29.04.2017 08:00 |

Besser als Samsung?

LG G6: Langer Koreaner im Alu-Chassis am Prüfstand

Die koreanischen Hersteller wagen mit ihren Oberklasse-Smartphones heuer ein Experiment und verbauen längliche Displays, die durch ihr unkonventionelles Format mehr Bildfläche bei etwas handlicheren Abmessungen garantieren sollen. Wie gut LG das in seinem neuen Top-Smartphone G6 mit 18:9-Bildschirm umgesetzt hat, klärt unser Test.

LG hat sein G6 nicht ganz so sehr in die Länge gezogen wie Samsung sein Galaxy S8, erreicht mit dem Wechsel beim Bildschirmformat in Kombination mit besonders dünnen Rändern ums Display aber den gleichen Effekt: Trotz 5,7 Zoll Diagonale ist das G6 kaum breiter als konventionelle Smartphones der Fünf-Zoll-Klasse.

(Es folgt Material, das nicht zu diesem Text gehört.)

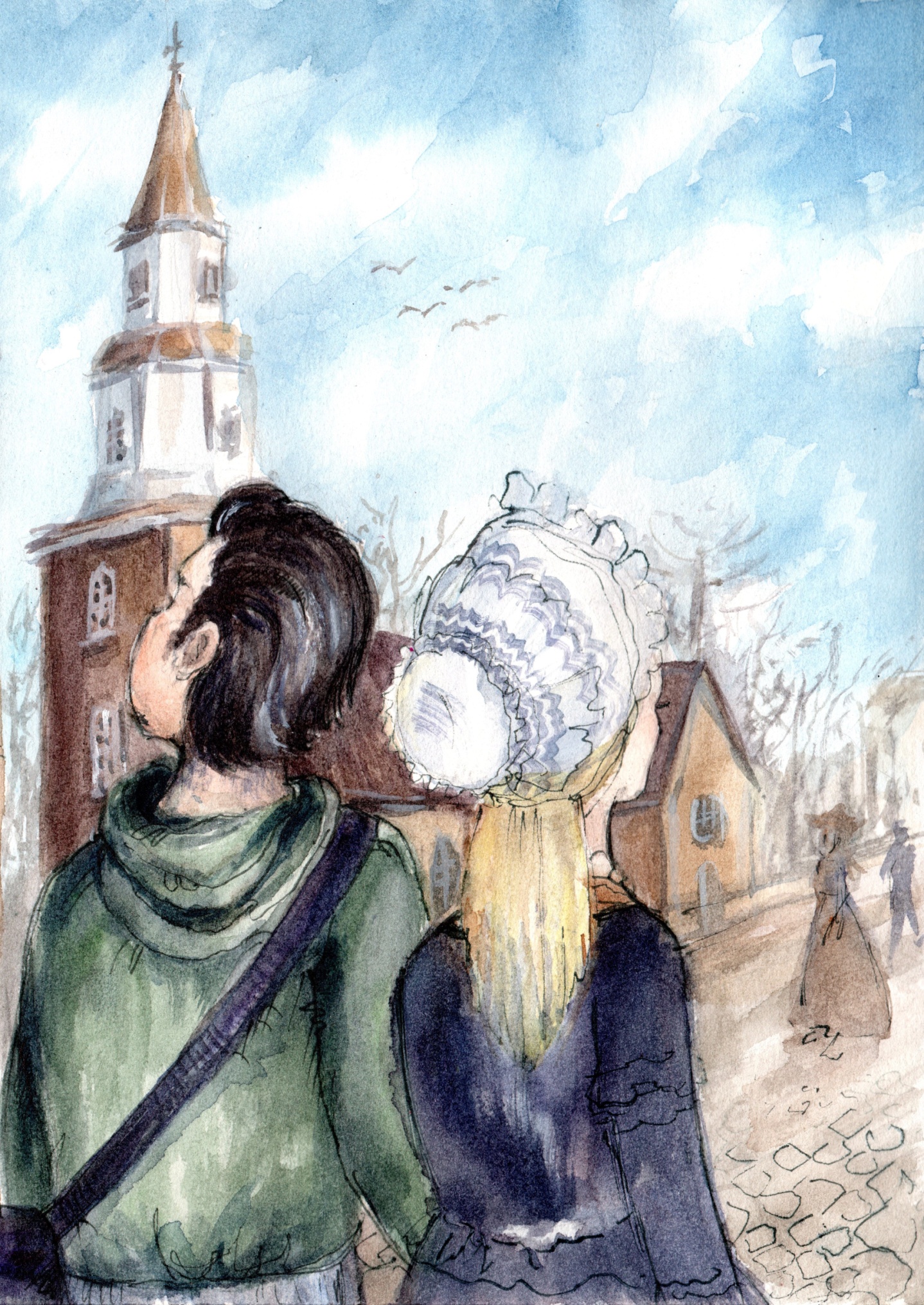 They went back following the same way, but the guest from future had time to notice something new in particular: the ancient sun clock on a square nearby the church. Looking at it, he realized that it was almost a lunch break, which means they needed to step faster: according to Mary, there must be a lot of people in the tavern at this time.

Dafür aber etwas länger.

Nicht jede App kommt sofort mit 18:9 zurecht
Wie auch bei Samsung hat das Vor- und Nachteile. Zwar unterstützen bereits viele Apps vom 16:9-Standard abweichende Displays und nutzen den gewonnenen Platz sinnvoll. Manch eine Anwendung kommt aber nicht mit dem neuen Format zurecht und verschenkt Platz im unteren Bildschirmbereich an leere Balken.

LG hat zwar ein Tool beigelegt, mit dem auch Apps skaliert werden können, die nicht mit 18:9 umgehen können. Eine Garantie, dass alle Apps mit dem neuen Format kompatibel sind, gibt es aber momentan nicht. Unserem Eindruck nach klappt es gerade mit Apps größerer Hersteller schon sehr gut, während Anwendungen kleinerer Entwickler oft ans 16:9-Format gebunden sind.

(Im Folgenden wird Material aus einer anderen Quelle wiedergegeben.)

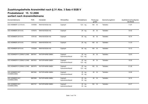 Zuzahlungsbefreite arzneimittel nach 31 abs 3 satz 4 sgb v. 3 satz 4 sgb v arzneimittelname pzn hersteller darreichungsform apothekenverkaufspreis inkl mwst packungs größe wirkstoff e wirkstärke n produktstand sortiert nach arzneimittelname 15. 3 satz 4 sgb v arzneimittelname pzn hersteller darreichungsform apothekenverkaufspreis inkl mwst packungs größe wirkstoff e wirkstärke n produktstand sortiert nach arzneimittelname 01. 1370058 ran novesia ag 100 stcaptopril 12 5 mg tabletten 12 28. 1 satz 2 nr.
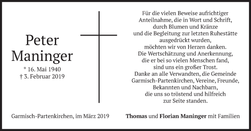 Hier finden Sie alle Traueranzeigen aus der Zeitung, die bisher für Peter Maninger erschienen sind. Weitere Traueranzeigen, die in der Zeitung erscheinen, werden hier ebenfalls aufgelistet
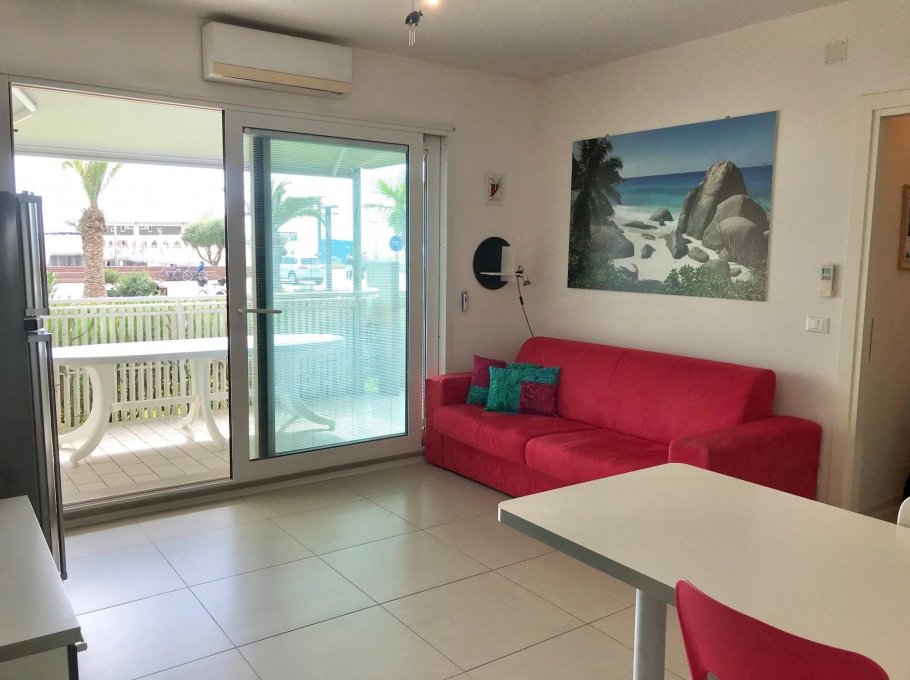 Type C: 4/5 people: Completely renovated apartment located on the ground floor consisting of a double bedroom, a bedroom with bunk bed, living room with sofa bed and kitchenette, bathroom with shower, large terrace. The apartment is also equipped with dishwashing machine and air conditioning.
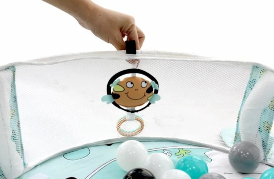 Fase 2. wanneer je kindje rechtop kunt zitten kun je de zijkanten van het speelkleed omhoog zetten, waardoor hij/zij zich zittend kan vermaken met de speeltjes aan de speelbogen. De 28 meegeleverde kleurige ballen zorgen voor een echt speelfestijn! De zijkanten zijn gemaakt van mesh stof, waardoor je je kleine goed in de gaten kunt houden.
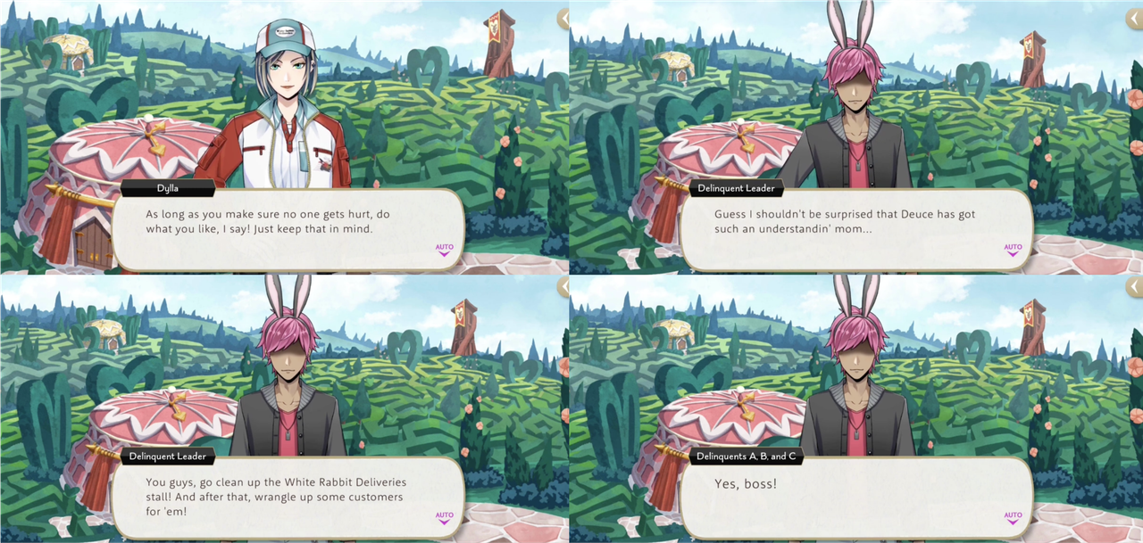 The leader sends his friends to clean up the White Rabbit Deliveries stall, “and after that, wrangle up some customers for ’em!”

Das Bildformat birgt vor allem beim Lesen im Hochformat Vorteile, weil man hier schlicht ein paar Zeilen mehr Text am Bildschirm hat und nicht so häufig scrollen muss. Wer auf seinem Smartphone viele Videos anschaut, hat dagegen wenig davon. Die kommen meist im 16:9-Format, sind also für konventionelle Smartphones optimiert.

Sehr gutes Display, griffiger Rahmen
Während das neue Format seine Tücken hat, ist das Display des G6 abseits davon eine runde Sache. Es erreicht zwar nicht die Kontrastwerte eines AMOLED-Displays, erfreut aber mit einer natürlichen Farbdarstellung mit realistischen Farbverläufen, hoher maximaler Helligkeit und guter seitlicher Ablesbarkeit. Die Schärfe stimmt durch die hohe Auflösung sowieso.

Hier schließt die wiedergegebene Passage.